Scenario 2: Batch processing pipeline

# Submit preprocessing jobs for multiple datasets
datasets <- c("dataset_A", "dataset_B", "dataset_C")
prep_jobs <- lapply(datasets, function(d) {
  submit_slurm("preprocess.R", args = c("--input", d))
})

# Monitor all preprocessing
jobs_top(prep_jobs, refresh = 5)

# Wait for all to complete
lapply(prep_jobs, script_await)

# Submit analysis job that depends on preprocessing
analysis_job <- submit_slurm("analyze_results.R")
script_top(analysis_job)

Scenario 3: Troubleshooting failed jobs

job <- submit_slurm("problematic_script.R")

# Check if job completed
if (script_done(job)) {
  status <- script_status(job)
  
  if (status$error > 0) {
    cat("Job failed!
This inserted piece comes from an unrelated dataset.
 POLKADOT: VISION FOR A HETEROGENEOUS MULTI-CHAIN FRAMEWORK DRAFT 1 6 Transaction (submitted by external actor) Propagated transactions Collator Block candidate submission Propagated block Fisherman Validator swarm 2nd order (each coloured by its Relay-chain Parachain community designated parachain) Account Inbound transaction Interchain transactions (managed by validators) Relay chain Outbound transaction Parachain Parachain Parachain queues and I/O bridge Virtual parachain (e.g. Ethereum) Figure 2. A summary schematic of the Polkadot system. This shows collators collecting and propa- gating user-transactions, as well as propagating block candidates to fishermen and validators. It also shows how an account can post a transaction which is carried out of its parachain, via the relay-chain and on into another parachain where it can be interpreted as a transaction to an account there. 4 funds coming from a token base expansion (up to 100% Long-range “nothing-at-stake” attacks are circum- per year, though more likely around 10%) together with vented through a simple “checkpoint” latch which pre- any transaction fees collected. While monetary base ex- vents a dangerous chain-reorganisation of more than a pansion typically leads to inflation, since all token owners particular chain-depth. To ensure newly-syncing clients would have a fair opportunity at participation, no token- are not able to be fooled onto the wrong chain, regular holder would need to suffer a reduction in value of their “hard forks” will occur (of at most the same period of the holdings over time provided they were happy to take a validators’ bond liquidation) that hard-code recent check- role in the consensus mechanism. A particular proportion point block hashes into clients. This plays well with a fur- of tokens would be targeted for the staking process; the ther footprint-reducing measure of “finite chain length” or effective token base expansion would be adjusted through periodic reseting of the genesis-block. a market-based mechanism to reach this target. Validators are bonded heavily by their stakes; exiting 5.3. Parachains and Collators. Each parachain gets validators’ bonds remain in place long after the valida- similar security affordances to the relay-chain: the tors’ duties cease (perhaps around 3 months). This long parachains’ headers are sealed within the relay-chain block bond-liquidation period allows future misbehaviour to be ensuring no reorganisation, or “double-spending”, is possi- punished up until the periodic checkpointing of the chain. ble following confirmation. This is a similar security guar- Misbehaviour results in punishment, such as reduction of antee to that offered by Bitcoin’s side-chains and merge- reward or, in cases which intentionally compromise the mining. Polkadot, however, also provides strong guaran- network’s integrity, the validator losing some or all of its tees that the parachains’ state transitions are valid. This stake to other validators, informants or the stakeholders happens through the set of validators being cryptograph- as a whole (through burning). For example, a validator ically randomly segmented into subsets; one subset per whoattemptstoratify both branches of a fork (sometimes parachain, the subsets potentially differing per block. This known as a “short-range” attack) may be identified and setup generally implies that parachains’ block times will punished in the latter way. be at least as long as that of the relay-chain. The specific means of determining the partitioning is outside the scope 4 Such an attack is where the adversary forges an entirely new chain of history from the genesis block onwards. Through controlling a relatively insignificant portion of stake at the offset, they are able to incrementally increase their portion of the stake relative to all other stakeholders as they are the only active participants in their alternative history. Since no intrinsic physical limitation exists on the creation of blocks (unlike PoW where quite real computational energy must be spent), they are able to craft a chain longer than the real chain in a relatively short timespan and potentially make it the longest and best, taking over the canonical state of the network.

Checking logs...\n")
    
    # View full log output for debugging
    script_tail(job, n = 500)
    
    # Get log file paths for detailed analysis
    logs <- script_logs(job)
    cat("Log files:", logs$path, "\n")
  } else {
    cat("Job completed successfully\n")
  }
}

Tips for efficient monitoring

Resource optimization

  • Monitor CPU usage: Look for jobs using less than expected CPU% - may indicate I/O bottlenecks
  • Track memory patterns: MaxRSS shows peak memory usage; compare against requested memory
  • Watch for memory leaks: Increasing AveRSS over time may indicate memory management issues

Interactive monitoring best practices

  • Use appropriate refresh rates: Fast updates (1-2s) for active debugging, slower (5-10s) for long jobs
  • Adjust log lines: More lines (nlog = 100) for detailed debugging, fewer (nlog = 10) for overview
  • Background monitoring: Use clear = FALSE when capturing output or running non-interactively

Multi-job management

  • Group related jobs: Monitor job families together with jobs_top()
  • Stagger job submission: Avoid overwhelming the scheduler with simultaneous submissions
  • Use descriptive names: Job names appear in monitoring displays—make them informative

Error handling and troubleshooting

Common monitoring issues

“Cannot fetch metrics” error: - Ensure SLURM commands (squeue, sstat, sacct) are available - Check that job ID is valid and job hasn’t been purged from SLURM records - Verify SLURM permissions and cluster connectivity

Empty log output: - Job may not have started writing output yet - Check job status—may be pending in queue - Verify output redirection in SLURM template

Memory metrics showing NA: - Some metrics unavailable until job starts running - SLURM accounting may not be enabled on cluster - Try script_metrics() directly to see raw data

Recovery strategies

Lost job objects:

# Find recent jobs
recent <- script_find_latest(pattern = "train")
job <- script_load(recent$registry[1])

Monitor jobs from different R sessions:

# Jobs persist across R sessions via registry
job_path <- "registry://script-abc123"
job <- script_load(job_path)
script_top(job)

This comprehensive monitoring system makes SLURM job management as convenient as local R execution while providing the scalability and resource management benefits of cluster computing.